Özet:Karar kesinleşinceye kadar davadan feragat edilebilir. Hüküm verildikten ve karar temyiz edildikten sonra feragat edildiği durumlarda bu konuda karar verme görevi yerel mahkemeye aittir. Somut olayda, temyiz dilekçesi verildikten sonra, davacı tarafça verilen dilekçenin vazgeçme dilekçesi mahiyetinde olduğu anlaşılmaktadır.
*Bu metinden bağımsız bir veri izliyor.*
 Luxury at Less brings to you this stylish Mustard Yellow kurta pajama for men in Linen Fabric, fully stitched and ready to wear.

Bu durumda feragat dilekçesi üzerine işlem yapılarak davanın reddine karar verilmek üzere yerel mahkeme kararının bozulması gerekir.
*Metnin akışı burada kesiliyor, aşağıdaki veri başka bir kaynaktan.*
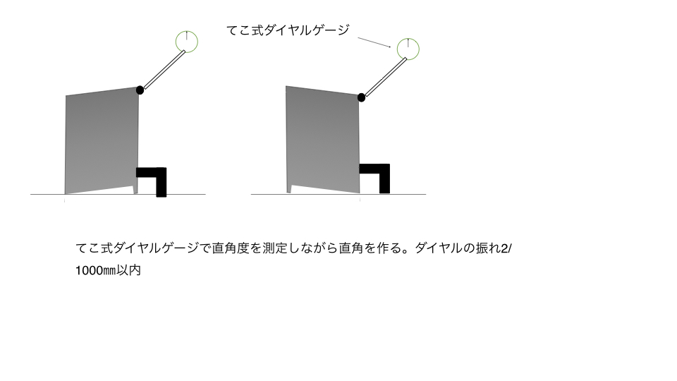 加工前のブロックは、平面研削盤で上下面を仕上げていても、側面は旋削・フライス加工のままで傾きが残っていることが多い。まずノギスや直角定規で大まかな傾きを確認し、どちら方向にどの程度傾いているかを把握しておく。

- 1086 sayılı HUKUK USULÜ MUHAKEMELERİ KANUNU m.91,429

Taraflar arasındaki davanın Ankara Asliye 6. Ticaret Mahkemesi`nce görülerek verilen 23.1.1998 tarih ve 1994/867-1998/19 sayılı kararın Yargıtay`ca incelenmesi, davalı vekili tarafından istenmiş ve temyiz dilekçesinin süresi içinde verildiği anlaşılmış olmakla, dava dosyası için Tetkik Hakimi H. U. tarafından düzenlenen rapor dinlendikten ve yine dosya içerisindeki dilekçe layihalar, duruşma tutanakları ve tüm belgeler okunup, incelendikten sonra, işin gereği görüşülüp, düşünüldü:
Davacı vekili, davalı ile taraflar arasındaki 30.3.1990 tarihli İşletme Hakkı Devir Sözleşmesi`nden doğan uyuşmazlıkların çözümlenmesinin 25. madde uyarınca ETKB`nin hakemliği yoluyla yapılması gerekirken, davalının çekişmeleri adli yargıya intikal ettirdiğini ve zararları konusundaki başvurulardan bir sonuç alamadıklarını ileri sürerek, anlaşmazlığın çözümünün Enerji ve Tabii Kaynaklar Bakanlığı`nın hakemliğine tevdiini ve zarar ziyan karşılığı olarak fazlaya ilişkin hak saklı kalmak kaydıyla, şimdilik 1.000.000.000 liranın tahsilini talep ve dava etmiştir.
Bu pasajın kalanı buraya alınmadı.